European tax on financial transactions could eventually be limited to certain CDS for the derivative component. Are you satisfied with this development?
Yes, this is a very reasonable choice because CDS are derivatives compartment whose utility is the lowest and has the highest risk of destabilizing markets. Other derivatives - share and rates - have real economic value for companies and savings.
Will be discussed at the G20 strengthening equity systemic banks. French banking groups are almost all in the viewfinder. Do you share their fears of not being able to finance the economy?

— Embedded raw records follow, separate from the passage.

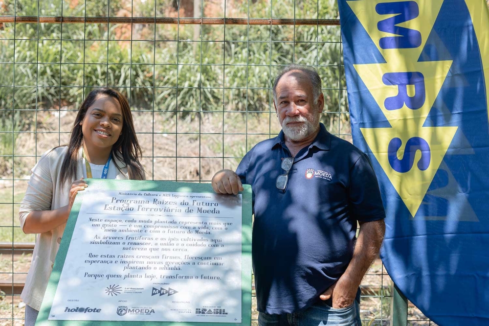 Com o Programa Raízes do Futuro, Moeda reafirma o compromisso com a preservação ambiental, a formação das novas gerações e a valorização do seu patrimônio histórico — plantando hoje as sementes que transformarão o amanhã. A restauração da Estação Ferroviária e a implantação da nova área verde são viabilizadas pela Lei Federal de Incentivo à Cultura, com patrocínio da MRS Logística, gestão da Holofote Cultural, apoio da Prefeitura de Moeda e Invest Minas, com realização do Ministério da Cultura, do Governo Federal..
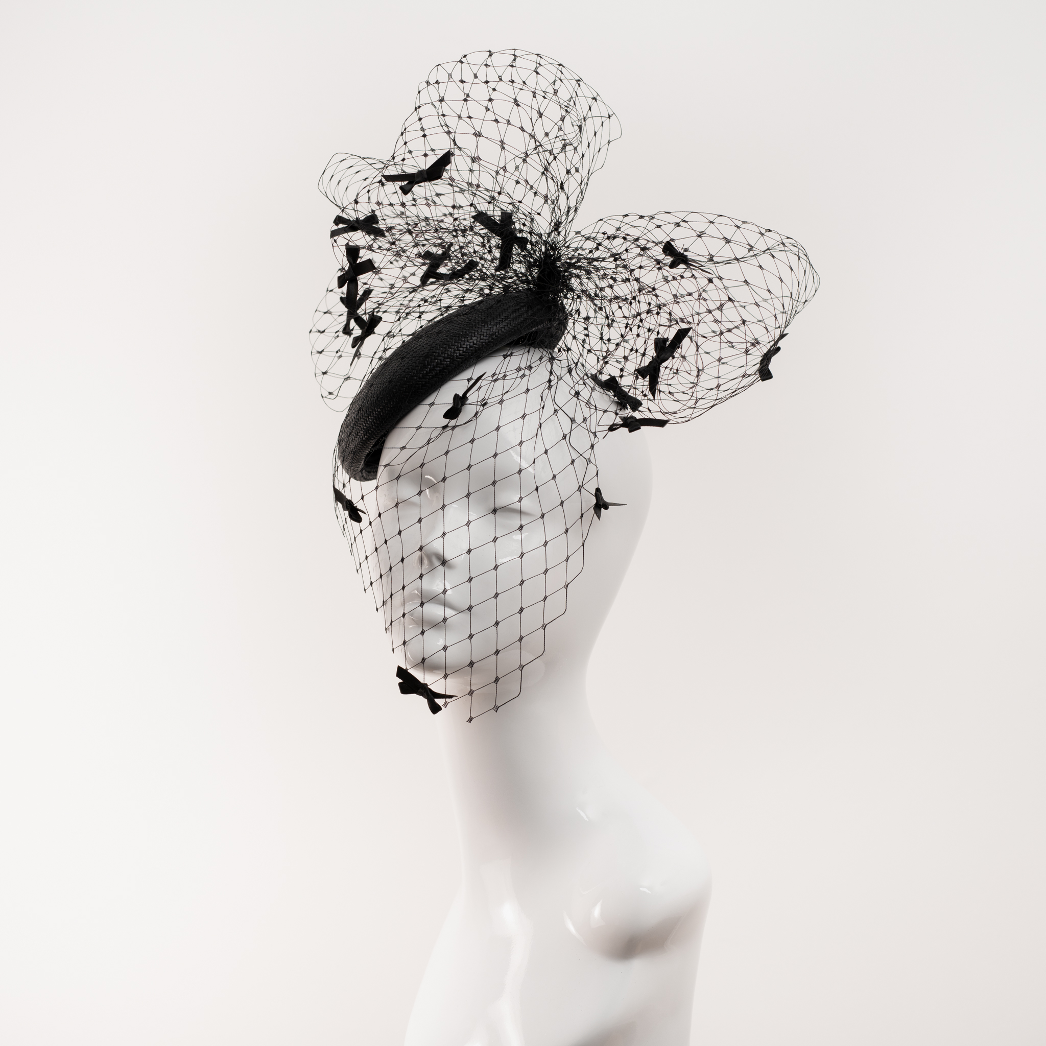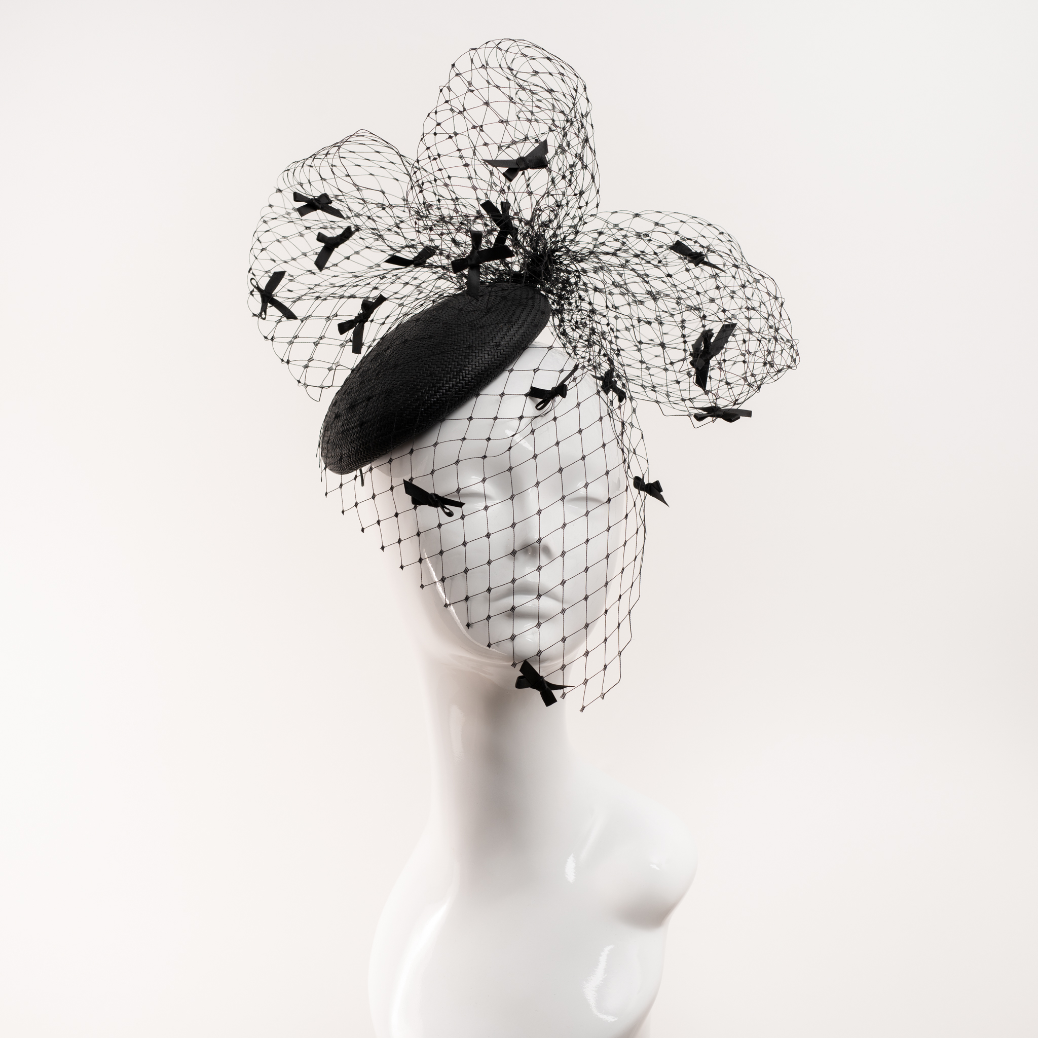 VCH Black Parisisal Straw Button with XL Veiling Trim and Satin Bows. Head Elastic.
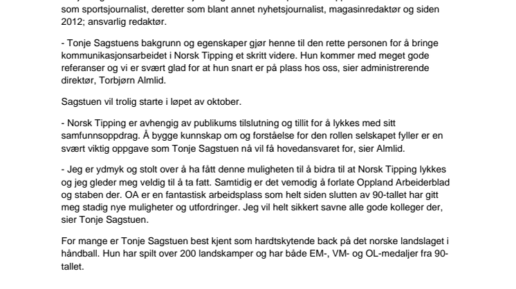 - Jeg er ydmyk og stolt over å ha fått denne muligheten til å bidra til at Norsk Tipping lykkes og jeg gleder meg veldig til å ta fatt. Samtidig er det vemodig å forlate Oppland Arbeiderblad og staben der. OA er en fantastisk arbeidsplass som helt siden slutten av 90-tallet har gitt meg stadig nye muligheter og utfordringer. Jeg vil helt sikkert savne alle gode kolleger der, sier Tonje Sagstuen.
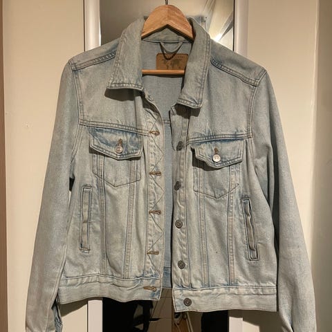 Kul rocka dongerijakke med sølvfarget maljer, pent brukt fremstår som den gjorde ved kjøp. Tykk kvalitets denim uten stretch.
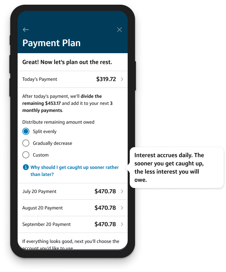 schedule with their payment plan. If they are behind, the tool shows them how much
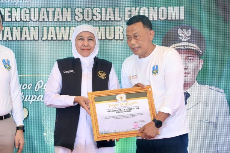Gubernur Jatim Khofifah Indar Parawansa menyerahkan langsung penghargaan kepada Bupati Ponorogo Sugiri Sancoko atas dukungannya terhadap pemulihan ekosistem. Kategori apresiasi adalah penetapan gerakan menanam dan memelihara pohon yang lebih baik.

G20 countries had decided to end the risk of "too big to fail" forcing taxpayers in some countries to put their hands in the pocket during the financial crisis to save major banks to the brink. Strengthen the capital base of these actors and implement procedures for orderly resolution is therefore no debate. The subject of TLAC or "total loss absorbing capacity" addresses the need for large banks have an additional cushion of capital and subordinated debt , sufficient to absorb losses related to their failure. But the device provides a European resolution already known by the acronym MREL for "minimum capital requirement and current liabilities" also similar tool cleverly extended to all banks Europe since the taxpayer was asked to save a lot small and medium banks. In this context it is necessary that the TLAC is calibrated in a reasonable manner so that banks can still afford to finance the economy and they can find on the market volumes sufficient tools to strengthen their capital base. Hence the importance of the impact on banks to be conducted next year for the final calibration study. We also need the cushion articulates with the European system because it is not a question of simply combine the two mechanisms for the same banks.
This cushion of capital he will be more expensive for European banks that do not have an organization holding as US banks?
It is more expensive for the whole banking system even if it is true across the Atlantic, is the holding company that will look securities markets on behalf of the operational structure. In this case, it is ordinary bonds but are recognized as structurally subordinated. In contrast to Europe, lack of holding company, is the operational structure that will pick itself subordinated notes for this cushion. Nobody knows today if some cost more than others but Europe suspect that this is the case against them. The question therefore arises for European players to adopt a holding organization but the answer is not obvious. More generally, I understand the concern of French banks face of mounting domestic and international constraints that may affect their business. Exceptions can not combine an oversized contribution to the single European resolution fund and systemic tax, which is more non-deductible. We must make choices and quickly if all this will affect the cost and availability of credit.
You say that the agenda of the banking regulations coming to an end. However, some, especially the IMF, worry tremendous development of the parallel bank, the "shadow banking." Do you share these concerns and what can the G20?
Ministers and central bank governors of the G20 have seized the issue of shadow banking. It is a universe that takes many aspects and can not be treated uniquely. The G20 has studied the question of funds and money market funds, from the "repo" (repurchase) Market and Derivatives Clearing OTC treated in the opacity caused the collapse of Lehman Brothers in 2008. The summit should also devote Brisbane mutual recognition of financial regulation between the United States and the European Union. Other countries will follow. Work is in progress. We need to study the universe of asset managers. Given the high concentration of industry in the hands of a few firms, we need to understand their systemic or not. The same question applies also to insurance companies and reinsurance companies. This will be one of the axes of the Council's Financial Stability throughout next year.